Roadtrippin’ 2024: Using heat to make ice at Chena Hot Springs
FAIRBANKS, Alaska (KTUU) - Roadtrippin’ to Chena Hot Springs has its benefits, not the least of which are the hot springs themselves, but the heat from those springs does more than just warm you up on a cold winter’s night. The hot springs provide power to the whole facility.
“Most of the buildings with cement floors actually have tubing that runs through the bottom,” explained Emma Fisher, Greenhouse and Gardens Manager. “And there’s a lot of radiant heat from the floor.”
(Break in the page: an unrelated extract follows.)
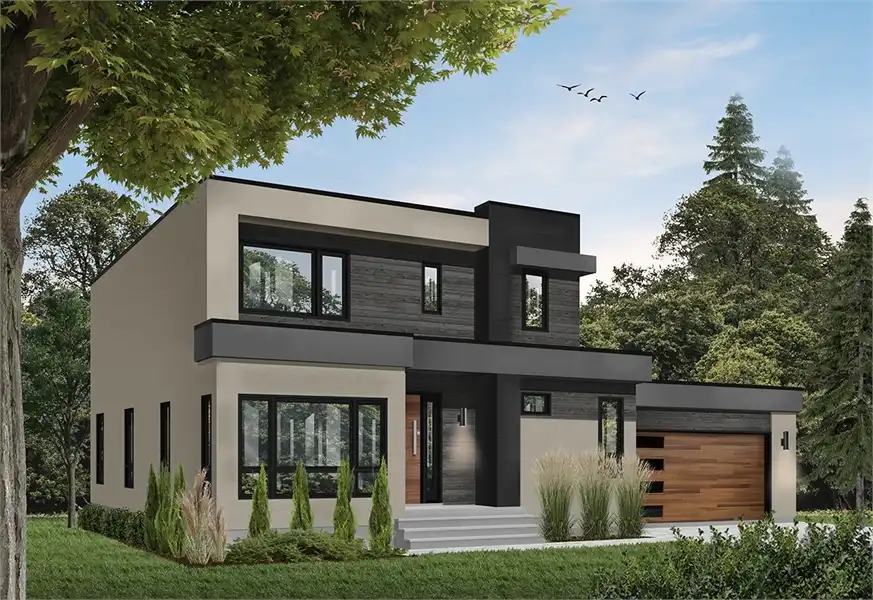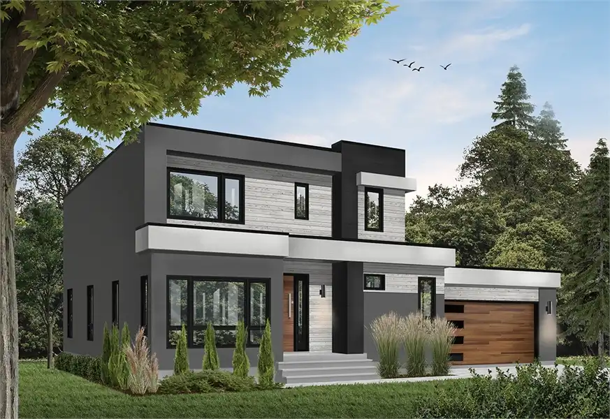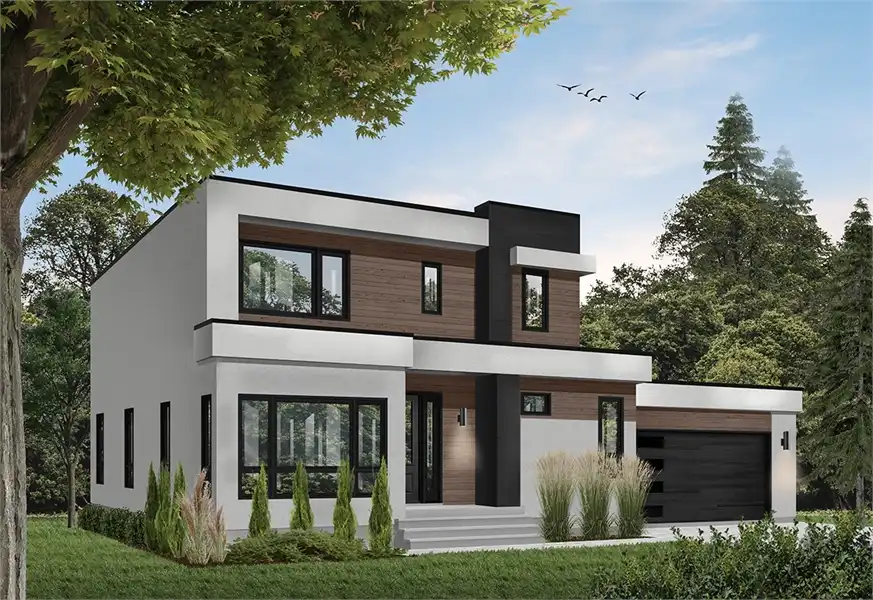 This modern style home plan with a double car garage, has 9 'ceiling's throughout the main floor. The closed foyer has a coat closet conveniently located as you walk in. The home office can be a 4th bedroom, or playroom for younger children. Inside the master suite is a private balcony, good size walk-in closet, and master bathroom with a large shower. The kitchen with lots of counter space, island, and a pantry, is a great place to gather around for a cup of coffee. You can cozy up in the living room next to the fireplace on those chilly nights. The folding patio doors in the dining and family room area, lead to a covered terrace at the rear where you can enjoy a beautiful view of the garden. A Half bathroom and laundry room is centrally located off of the kitchen for your guest. The 2 additional bedrooms are located on the second floor and share a large bathroom with shower, bathtub, double vanity and toilet. The spacious double garage has access to the basement, rear and side of the house, and the main floor of the house. The Unfinished basement can be easily finished for additional bedrooms, storage, home theater, etc.
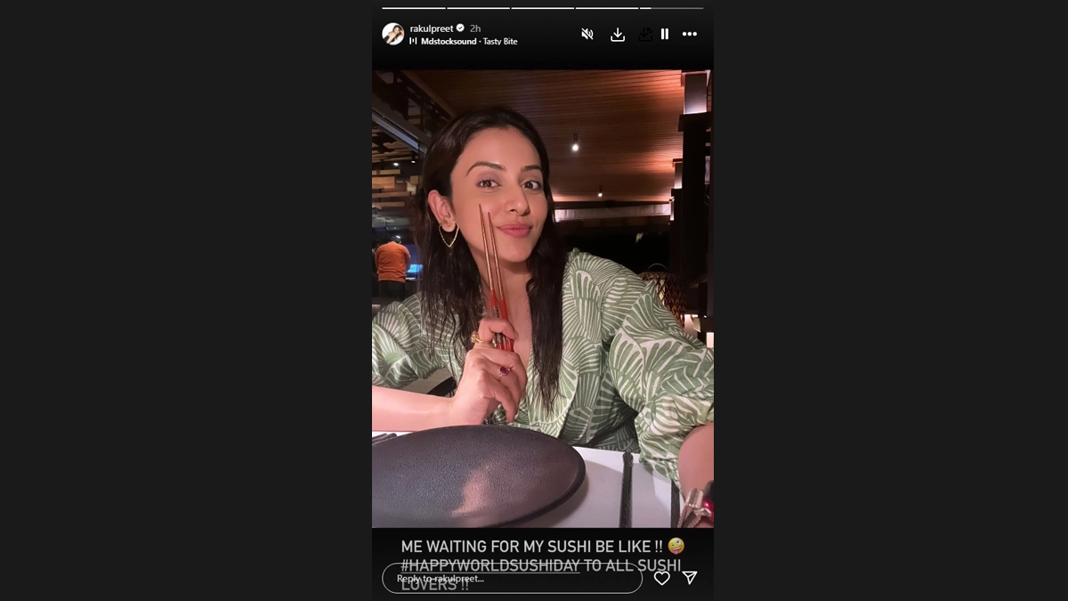 Actress Rakul Preet Singh on Tuesday extended greetings to her fans on International Sushi Day by sharing an unseen picture. Taking to Instagram stories, Rakul, who has 23.7 million followers, posted a picture of herself wearing a green outfit and sitting at a restaurant. In the image, she is holding chopsticks and smiling cutely for the camera. The actress, who was last seen in the Hindi film Chhatriwali, captioned the post: "Me waiting for my sushi be like!! #HappyWorldSushiDay to all sushi lovers!!" International Sushi Day is celebrated to raise awareness about the truth and fiction surrounding sushi. Rakul Preet Singh-Jackky Bhagnani Fiji Vacation Photos and Videos: From Colourful Outfits to Drinking Coconut Water, Couple Enjoy Romantic Getaway.

The hot springs even provide power to keep the ice in the Aurora Ice Museum frozen. It just takes a bit of steam.
The water comes out of the ground at 165 degrees Fahrenheit. That’s warm enough to make a mist on a chilly morning but not hot enough to create steam to spin a turbine. So they found something that boils at a lower temperature than water and use the steam to make power.
“The water we bring out of the ground at 165 degrees,” said Steven Vander Maas, Activities Manager at the resort. “We put it into a piece of equipment called the evaporator condenser.” The refrigerant boils at 140 degrees, so when it gets warmed by the water from the hot springs, it boils.
“Because the temperature difference between the coolant, or the refrigerant, and the water, it actually allows the hot water to flash into a steam and then we just steam power,” said Vander Maas. “The steam goes (into) a casing, spinning a screw drive, working the same way your gas power generator does.”
It just take a little heat to make ice.